Avita Medical Highlights Report on ReCell Patients
The findings were presented by Ryan Rebowe, MD, of the Wake Forest Baptist Medical Center Burn Center (WFBMC), at the 28th Annual Southern Region Burn Conference, held November 20 - 22, 2015 in Dallas, Texas. The presentation, titled "The Use of ReCell® in the Treatment of Large Burns: A Single Center Experience," achieved 2nd place honours at the event.
Surgeons at the WFBMC Burn Center performed the 12-case series, which included eight adult and four pediatric cases of large, thermal burns treated using ReCell® as an adjunct to grafting. They compared the lengths of hospital stay observed for patients treated with ReCell® under Avita's Compassionate Use Investigational Device Exemption (IDE) with published age-matched averages from the American Burn Association's National Burn Repository database. When the participants in the case series were compared to age-matched averages, the hospital length of stay was 63% lower in the ReCell-treated group, the researchers reported.
The use of ReCell in conjunction with autografting appears to reduce risks of graft loss and poor functional/aesthetic outcomes commonly associated with widely expanded meshed autografts, enabling the surgeons to confidently achieve primary closure for these patients of up to 12,000 cm2 in a single procedure that would ordinarily require multiple, staged operations. The reduction in multiple, staged operations means that patients' burn injuries are healed earlier and they can be appropriately discharged from the hospital.
"We are very pleased with the apparent decreased length of stay that we were able to achieve for these massive burns with the use of ReCell," commented Dr. James H. Holmes IV, MD FACS, Director of the WFBMC Burn Center.

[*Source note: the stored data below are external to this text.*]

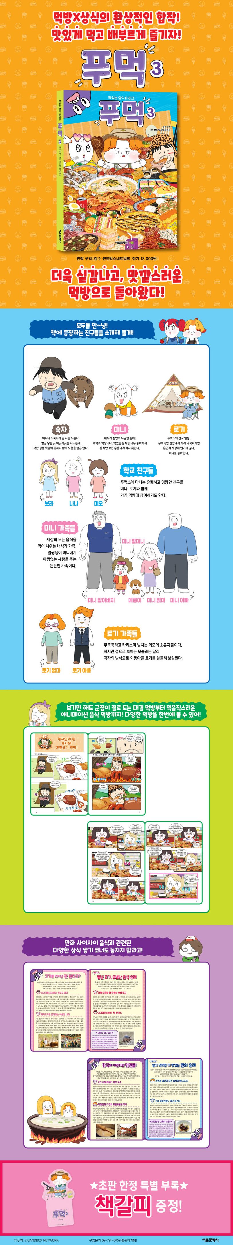 유튜브 먹방 애니메이션 ‘푸먹’을 책으로 만나 보자! 숙자와 미니, 그리고 로기 세 명의 개성 강한 캐릭터들의 풍성한 먹방을 보다 보면 나도 모르게 침이 꼴깍 넘어간다. 에피소드마다 감동과 웃음을 담은 짤막한 이야기도 맛깔스럽게 버무렸다. 사이사이 음식과 관련된 다양한 상식을 쌓는 코너도 잊지 말자!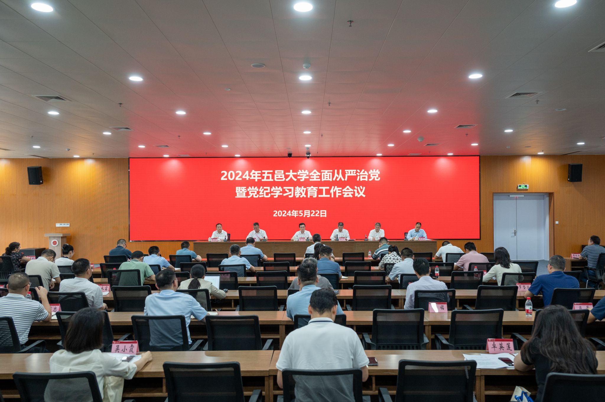 5月22日,學校召開2024年全面從嚴治黨暨黨紀學習教育工作會議,校黨委書記欒天罡深入總結2023年全面從嚴治黨工作并部署2024年重點工作,黨委副書記、校長張運華主持會議并傳達學習有關會議精神,黨委常委、紀委書記、省監委駐五邑大學監察專員莫健文通報2023年學校紀檢監察工作以及2024年工作任務。全體在校校領導,校黨委委員、紀委委員,各職能部門主要負責人,各學院黨政主要負責人、專職副書記參加會議。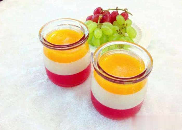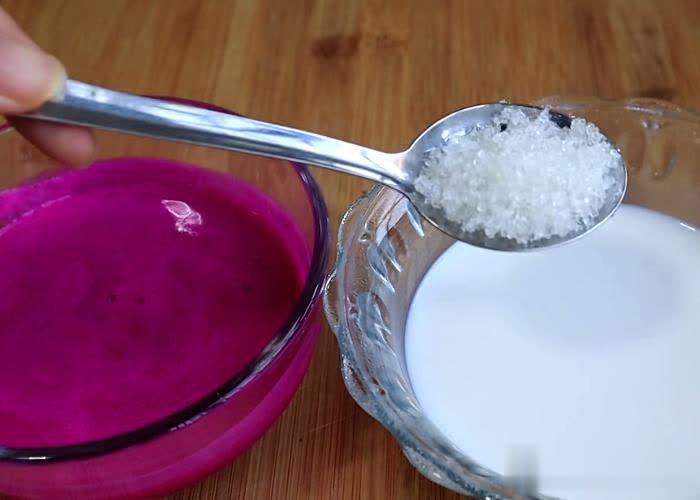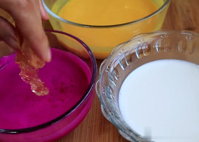 第一步:首先用剪刀把吉利丁片剪碎,放在清水中适当泡软;把两种水果分别去皮去核,切成小块之后,分别放入榨汁机中,加45毫升的凉白开,打制成果汁;随后把果汁通过滤网装入2个碗中备用;之后我们把白砂糖等分三份,加入装有纯牛奶、火龙果汁、芒果汁的三个碗中,均匀搅拌30秒备用。
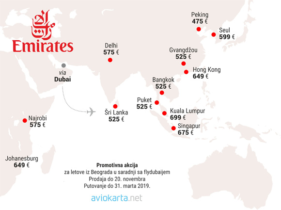 Promocija se odnosi na putovanja iz Beograda, preko Dubaija, do koga se stiže direktno flydubaijem, partnerskom kompanijom Emiratesa.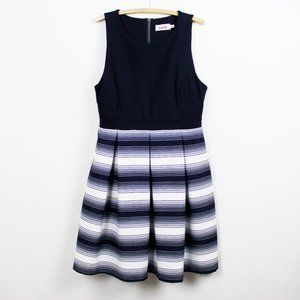 Louche Navy Blue Pleated Striped Sleeveless Midi Dress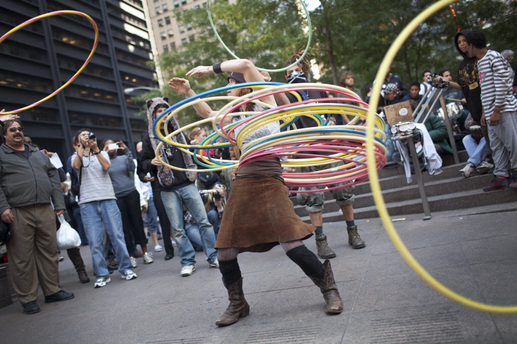 A woman who identified herself as “Marygoround” attempts to balance numerous hoolahoops while others toss more hoolahoops at her, during the “Occupy Wall Street” protests in Zuccotti Park in New York, on Friday. The three-week-old campout in a lower Manhattan plaza looks like a jumble of tattered sleeping bags, but teams of volunteers working on food, sanitation, health care and other needs keep the shifting population of protesters functioning like an impromptu city within the city. (AP Photo/Andrew Burton)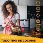 Aptas para todo tipo de cocinas: Vitrocerámica, Eléctrica, Gas e Inducción. También es apta para horno, utilizándola sin tapa ni asas.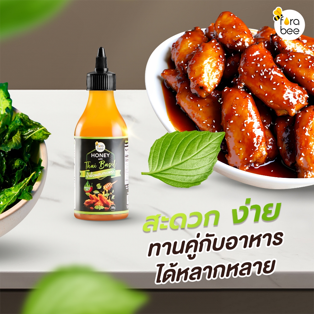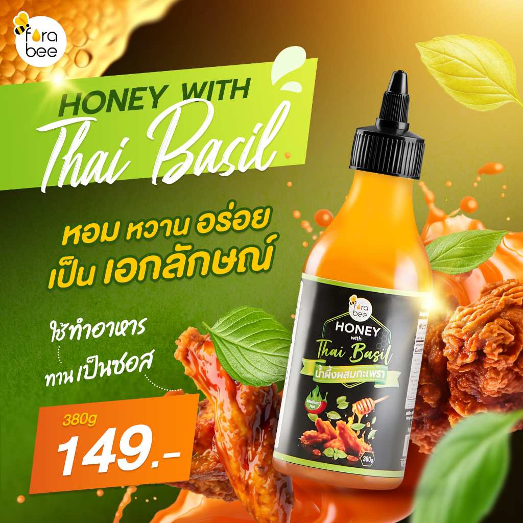 Fora Bee ฟอร่าบี น้ำผึ้งผสมกะเพรา Honey with Thai Basil (380g)

Earlier this fall, the U.S. Food and Drug Administration (FDA) approved an expansion of Avita's Compassionate Use Investigational Device Exemption (IDE) program for ReCell®. As part of the expansion, the FDA doubled the patient number to a total of 24 patients who have insufficient healthy skin available for standard skin grafting of their injury.
"This series of compassionate use cases highlights the excellent clinical and economic outcomes that we expect through the use of ReCell® in burn care," commented Andrew Quick, Avita's Vice President of Research and Technology. "Relative to normative data, Wake Forest Baptist Medical Center Burn Center showed a 63% reduction in their patient's length of hospital stay, saving both patients and the healthcare system valuable time and resources."
ReCell® first gained prominence as a treatment for burn victims following the 2002 bombing in Bali, Indonesia, and it has been deployed in other mass casualty events, including the Taiwan waterpark disaster in June 2015. The single-use device is simple to use, and allows medical professionals to quickly make a Regenerative Epithelial Suspension (RES™), which can be immediately applied to a burn. Clinical data have shown that the method can improve short-term healing and provide superior long-term outcomes. In terms of autograft-sparing capability, RES™ can be created using only small skin samples, significantly reducing the need for skin donor sites.
ReCell® is Avita Medical's unique proprietary technology that enables a clinician to rapidly create, at point of care in approximately 30 minutes, Regenerative Epithelial Suspension (RES™) using a small sample of the patient's skin. RES™ is an autologous suspension comprising the cells and wound healing factors necessary to regenerate natural, healthy skin. RES™ has a broad range of applications and can be used to restart healing in unresponsive wounds, to repair burns using less donor skin yet with improved functional and aesthetic outcomes, and to restore pigmentation and improve cosmesis of damaged skin.
Avita Medical develops and distributes regenerative products for the treatment of a broad range of wounds, scars and skin defects. Avita's patented and proprietary collection and application technology provides innovative treatment solutions derived from a patient's own skin. The Company's lead product, ReCell®, is used in the treatment of a wide variety of burns, plastic, reconstructive and cosmetic procedures. ReCell® is patented, CE?marked for Europe, TGA?registered in Australia, and CFDA?cleared in China. In the United States, ReCell® is an investigational device limited by federal law to investigational use. A pivotal U.S. trial is underway, with patient enrollment completion anticipated by the end of 2015.